Londrina (/pt/, literally "from London") is a city located in the north of the state of Paraná, Brazil, and is 388 km (241 miles) north-west of the state capital Curitiba. It is the second largest city in the state and fourth largest in the southern region of the country, with 555,965 inhabitants in the whole municipality (2022).

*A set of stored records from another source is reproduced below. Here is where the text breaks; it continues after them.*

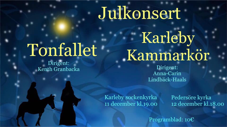 I år håller vi en gemensam julkonsert med Karleby kammarkör. Vi gör två konserter, en i Karleby sockenkyrka och en i Pedersöre kyrka.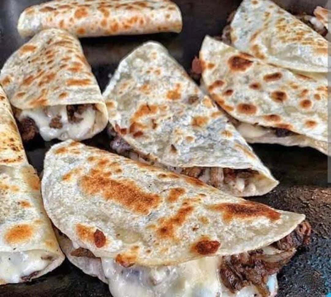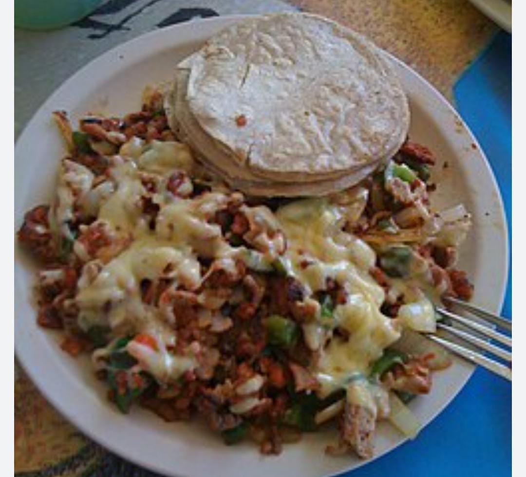Platillo personal: Acompañados de carne a elegir, 10 tortillas chicas, lleva cebolla, chile morrón, jitomate y queso Oaxaca.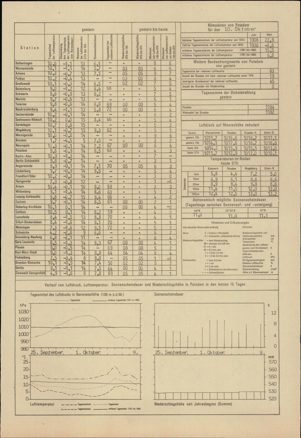 Täglicher Wetterbericht des Meteorologischen Dienstes der Deutschen Demokratischen...
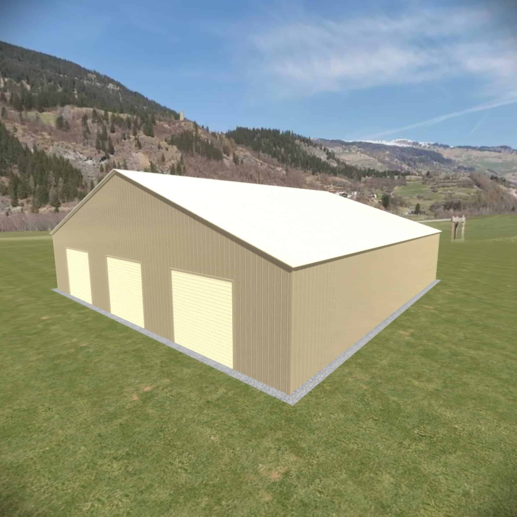 50 wide metal building with 16′ legs and 3 14×14 garage doors with optional deluxe two-tone.

Londrina was originally explored by British settlers, and then officially established in 1930 by a small group of Italian, Japanese and German settlers. It rapidly became the commercial, political, and cultural centre of the state's northern pioneer zone. Its universities include the Universidade Estadual de Londrina (Londrina State University) and the Universidade Tecnológica Federal do Paraná (Federal University of Technology – Paraná).

==Demography==
The city was named after British entrepreneurs who launched railroad stations in the region to ease the transportation of coffee grains from northern Paraná and southern São Paulo states to the port of Santos. The word Londrina pays homage to the British capital (Londres in Portuguese), since a London cotton company, Paraná Plantations Limited, made the original investment to settle in this area.

==Geography==
The city is located in the north of the state of Paraná, and is 388 km (241 miles) away from the state capital, Curitiba.

===Climate===
According to the Köppen-Geiger climate classification system, the city of Londrina has a humid subtropical climate (Cfa) influenced by the Atlantic Forest biome. Average annual precipitation is 1,622.6 mm. Mean average annual temperature is 20.62 °C.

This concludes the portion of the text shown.